→ **What to do**
Given the records underneath, please repeat exactly the lines from the line with "At the Honolulu" through the line with "Bunch of fresh", passing over any picture.

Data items
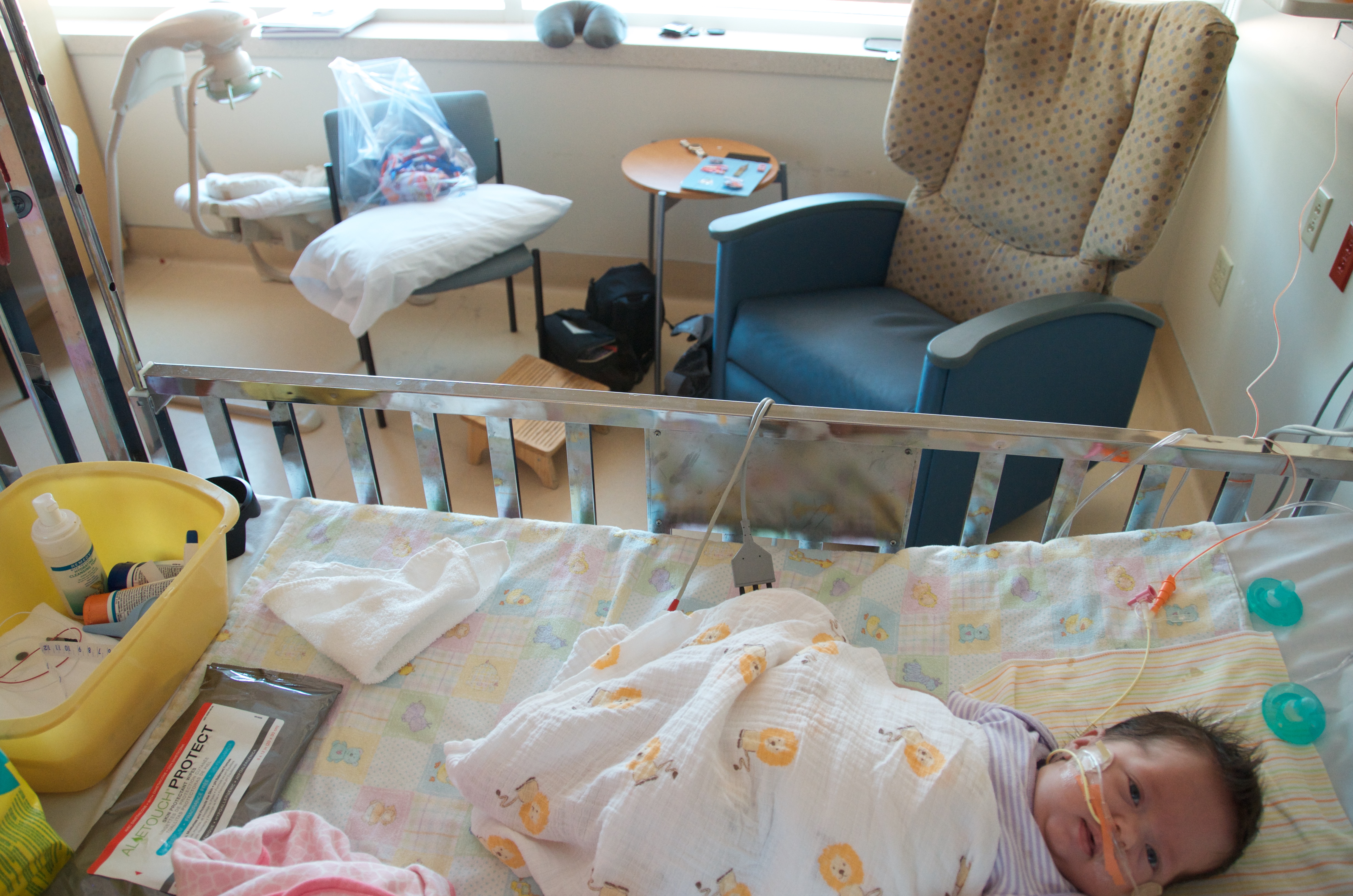 What I did not prepare myself for were the looks we were going to get from people who glanced at our baby. To put it more accurately, the looks our baby would get, the long stares and the double and triple takes. When you take a baby out in public people are inclined to look at him or her. What they do not really expect to see are tender grip cheek stickers holding a nasal cannula in place and an NG tube, held down by an orange strip of tape and wrinkly patches of tegaderm, snaking its way across the baby’s face.
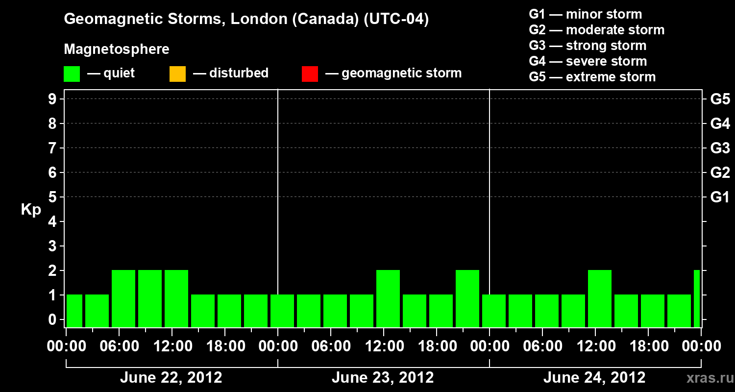 Geomagnetic storms in London (Canada) — Jun 24, 2012
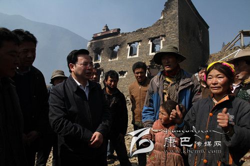 22日早晨8時(shí),胡昌升帶著對(duì)受災(zāi)群眾的惦念、對(duì)災(zāi)情的關(guān)注、對(duì)撲火人員的慰問(wèn),驅(qū)車(chē)前往康定縣沙德鄉(xiāng)火災(zāi)現(xiàn)場(chǎng)慰問(wèn)受災(zāi)群眾、查看火災(zāi)災(zāi)情,指揮撲火工作。此前的21日,上赤村洛讓鄧珠的房屋在此次森林火災(zāi)中被燒毀。一到上赤村,胡昌升便踩著帶著余溫的瓦礫來(lái)到受災(zāi)農(nóng)戶洛讓鄧珠家,為洛讓鄧珠送上慰問(wèn)金及毛毯、被子等物資,看望洛讓鄧珠的家人,詳細(xì)詢問(wèn)家庭基本情況和災(zāi)后安置情況。胡昌升說(shuō),大火無(wú)情人有情,房子沒(méi)了可以再建,東西燒毀了可以再買(mǎi),人沒(méi)事就好,困難是暫時(shí)的,黨委、政府一定會(huì)照顧好你們的生活,和你們一起克服眼前困難,幫助你們盡快建設(shè)更加美麗、更加安全的新家園。他要求縣鄉(xiāng)黨委、政府要幫助洛讓鄧珠切實(shí)解決吃飯、穿衣、帳篷及房屋重建等實(shí)際困難,把黨委政府的溫暖送到他們心上。胡昌升還鼓勵(lì)洛讓鄧珠要振作起來(lái),在黨委政府的幫助下重建家園,不要因受災(zāi)耽誤孩子上學(xué)。希望鄉(xiāng)親們積極伸出援手,幫助洛讓鄧珠家解決生活困難、開(kāi)展家園重建。
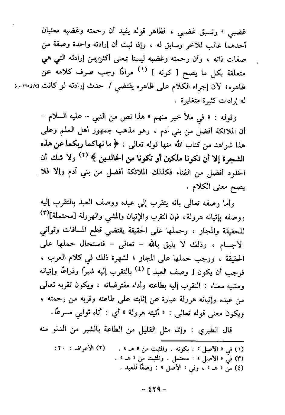 غضبي) . فقد تقدم أن رحمته تعالى إرادته لإثابة المطيعين له وغضبه لعقاب العاصين له، وإذا كان ذلك كذلك كان معنى قوله: (إن رحمتى تغلب غضبى) إن إرادتى ثواب الطائعين لى هى إرادتى ألا أعذبهم. وهو معنى قوله تعالى: (يُرِيدُ اللهُ بِكُمُ الْيُسْرَ وَلاَ يُرِيدُ بِكُمُ الْعُسْرَ) [البقرة: 185] ، فإرادته بهم اليسر هى إرادته ألا يريد بهم العسر، وما كان ما أراد من ذلك بهم، ولم يكن ما لم يرده فعبر (صلى الله عليه وسلم) عن هذا المعنى بقوله: (إن رحمتى تغب غضبى) وتسبق غضبى، فظاهر قوله يفيد أن رحمته وغضبه معنيان أحدهما غالب للآخر وسابق له، وإذا ثبت أن إرادته واحدة وصفة من صفات ذاته، وأن رحمته وغضبه ليستا بمعنى أكثر من إرادته التى هى متعلقة بكل ما يصح لأكونه مرادًا وجب صرف كلامه عن ظاهره؛ لأن إجراء الكلام على ظاهره يقتضى حدث إرادته لو كانت له إرادات كثيرة متغايرة. وقوله: (فى ملأ خير منهم) هذا نص من النبى (صلى الله عليه وسلم) أن الملائكة أفضل من بنى آدم، وهو مذهب جمهور أهل العلم وعلى هذا شواهد من كتاب الله منها قوله تعالى: (مَا نَهَاكُمَا رَبُّكُمَا عَنْ هَذِهِ الشَّجَرَةِ إِلاَّ أَن تَكُونَا مَلَكَيْنِ أَوْ تَكُونَا مِنَ الْخَالِدِينَ) [الأعراف: 20] ، ولا شك أن الخلود أفضل من الفناء فكذلك الملائكة أفضل من بنى آدم وإلا فلا يصح معنى الكلام. وأما وصفه تعالى بأنه يتقرب إلى عبده ووصفه بالتقرب إليه ووصفه بإتيانه هرولة، فإن التقرب والإتيان والمشى والهرولة محتملة للحقيقة والمجاز، وحملها على الحقيقة يقتضى قطع المسافات وتواتى الأجسام، وذلك لا يليق بالله تعالى فاستحال حملها على الحقيقة، ووجب حملها على المجاز؛ لشهرة ذلك فى كلام العرب، فوجب أن يكون وصف العبد بالتقرب إليه شبرًا وذراعًا وإتيانه ومشيه معناه: التقرب إليه بطاعته وأداء مفترضاته، ويكون تقربه تعالى من عبده قوله تعالى: (أتيته هرولة) أى: أتاه ثوابى مسرعًا. قال الطبرى: وإنما مثل القليل من الطاعة بالشبر من الدنو منه
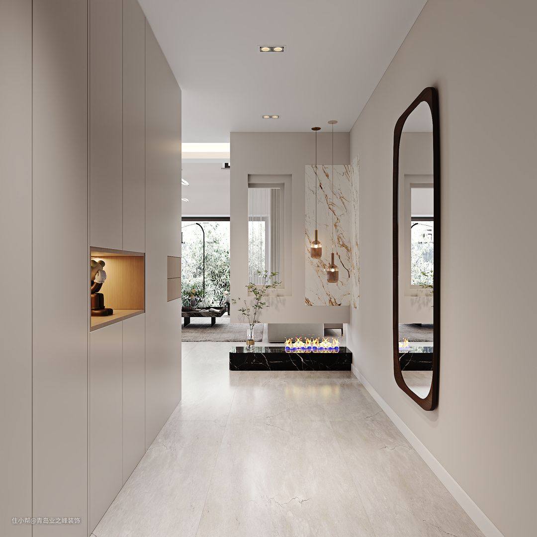 步入玄关,墙面造型上以白色色调为基准,结合纹理技法,摆脱了单色地面的单调,勾勒着空间与时间同在的共时性。简洁的白色背景与潘多拉纹大理石的结合,凸显希望与自由的设计风格,又有现代艺术装置的加入,更提升了整个空间的调性和完整性。
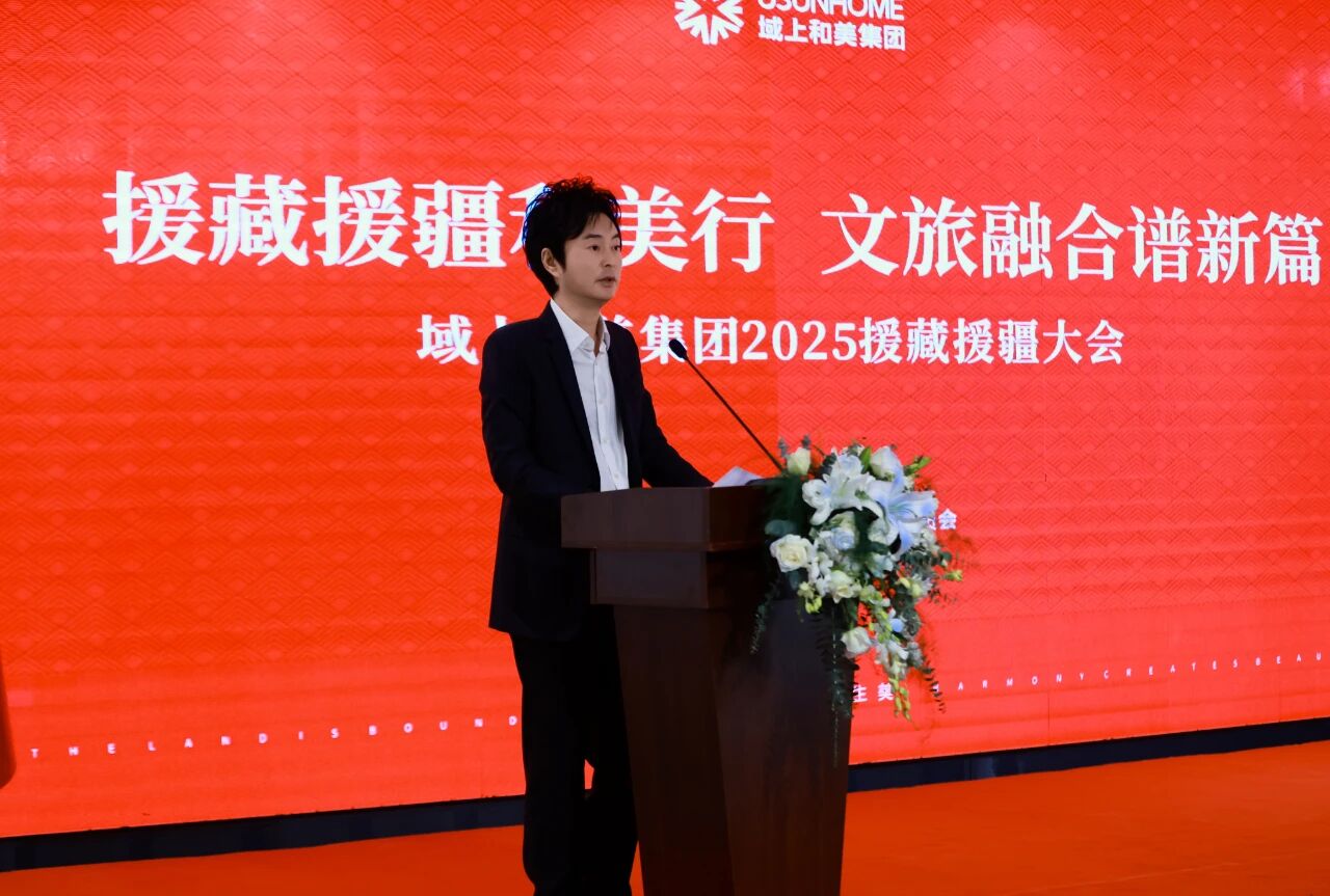 域上和美集团党委深入学习贯彻中央关于民族地区发展和乡村振兴的重要指示精神,不断增强党员干部的政治自觉与使命担当。2025年,集团党委组建第八批援藏团队与第三批援疆团队,以党建引领业务,以人才支撑产业,持续将“和美力量”注入祖国边疆。大会上,援藏援疆团队代表莫小刚作交流发言。他表示,团队将珍惜此次支援机遇,始终牢记初心使命,不负组织重托,充分发挥专业与团队优势,深入基层、扎根一线,在实干中锻炼成长,全力帮助群众就业增收,扎实推动当地特色文旅产业高质量发展。 李元媛总裁对援藏援疆工作作出深情展望与周密部署。她强调,全体和美员工当以赤子之心,赴山海之约;以专业之力,注振兴之势。要主动将事业的脉搏,融入边疆发展的壮阔征程,在促进文旅共生、乡土繁荣的生动实践中,切实为当地群众增进福祉、创造价值。
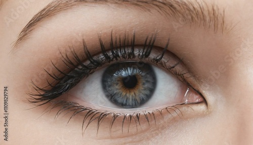 Close-up of a beautiful eye with intricate details and long lashes on a soft background
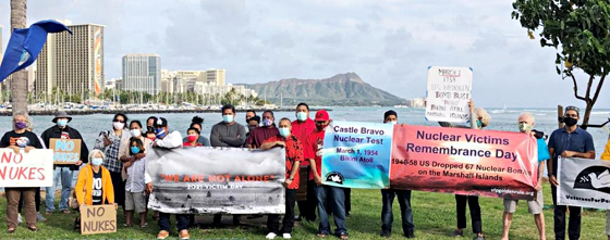 At the Honolulu commemoration, Bikinian men, women and children displayed a banner showing a large nuclear bomb mushroom cloud and reading, "We Are Not Alone." Nixon Jibas, an elected Council member representing all Bikinians exiled to Kili and Ejit Islands, read a statement from his brother, Bikini Mayor Anderson Jibas. Highlights of the statement were:
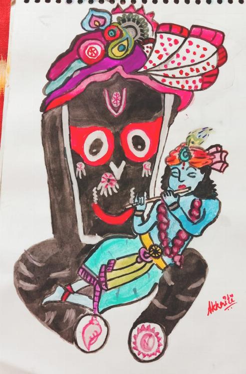 This is a painting of lord jagannath, the most devoted god of Odisha and lord krishna with him done by me, Akkriti Behuray. It is done with poster colours and water colours. Jay Jagannath Prabhu!
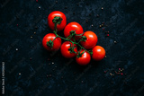 Bunch of fresh tomatoes isolated on black texture background. Flat lay. Top view
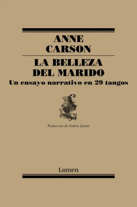 La locura al cuadrado es matrimonio.» La belleza del marido, el primer libro que se publica en España de la canadiense Anne Carson, es una de las más originales y turbadoras manifestaciones de la poesía de nuestros días. Subtitulado «un ensayo narrativo en 29 tangos», este libro inclasificable cuenta la historia de un matrimonio en torno a la idea de Keats «beauty is truth», belleza es verdad. A lo largo de estos 29 tangos -un tango, como el matrimonio, es algo que uno tiene que bailar hasta el final-, Anne Carson, considerada ya un clásico vivo de las letras anglosajonas, nos introduce en la historia íntima de un matrimonio que se desmorona. Iluminador, a menudo brutal, conmovedor y oscuramente divertido, este libro nos deslumbra con escenas, diálogos y reflexiones que ahondan en la más vieja de las preocupaciones poéticas -el amor- como si fuera la primera vez que se expresa. Reseñas:
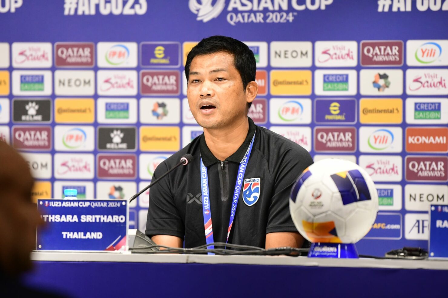 “อิสสระ ศรีทะโร” เข้าร่วมการแถลงข่าวก่อนการแข่งขัน AFC U23 Asian Cup QATAR 2024 กลุ่มซี
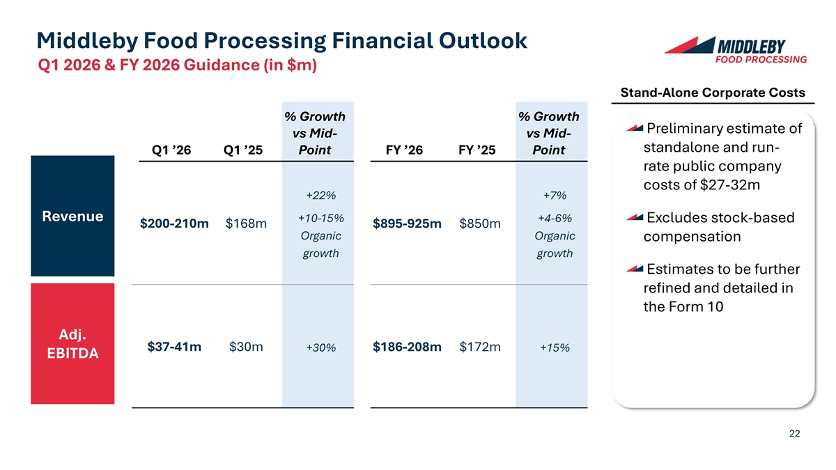Middleby Food Processing Financial Outlook Q1 2026 & FY 2026 Guidance (in $m) Stand-Alone Corporate Costs % Growth % Growth Preliminary estimate of vs Mid- vs Mid- standalone and run- Q1 ’26 Q1 ’25 Point FY ’26 FY ’25 Point rate public company costs of $27-32m +22% +7% Revenue +10-15% +4-6% Excludes stock-based $200-210m $168m $895-925m $850m Organic Organic compensation growth growth Estimates to be further refined and detailed in the Form 10 Adj. $37-41m $30m +30% $186-208m $172m +15% EBITDA 22

→ **Written solution**
 At the Honolulu commemoration, Bikinian men, women and children displayed a banner showing a large nuclear bomb mushroom cloud and reading, "We Are Not Alone." Nixon Jibas, an elected Council member representing all Bikinians exiled to Kili and Ejit Islands, read a statement from his brother, Bikini Mayor Anderson Jibas. Highlights of the statement were:
 This is a painting of lord jagannath, the most devoted god of Odisha and lord krishna with him done by me, Akkriti Behuray. It is done with poster colours and water colours. Jay Jagannath Prabhu!
 Bunch of fresh tomatoes isolated on black texture background. Flat lay. Top view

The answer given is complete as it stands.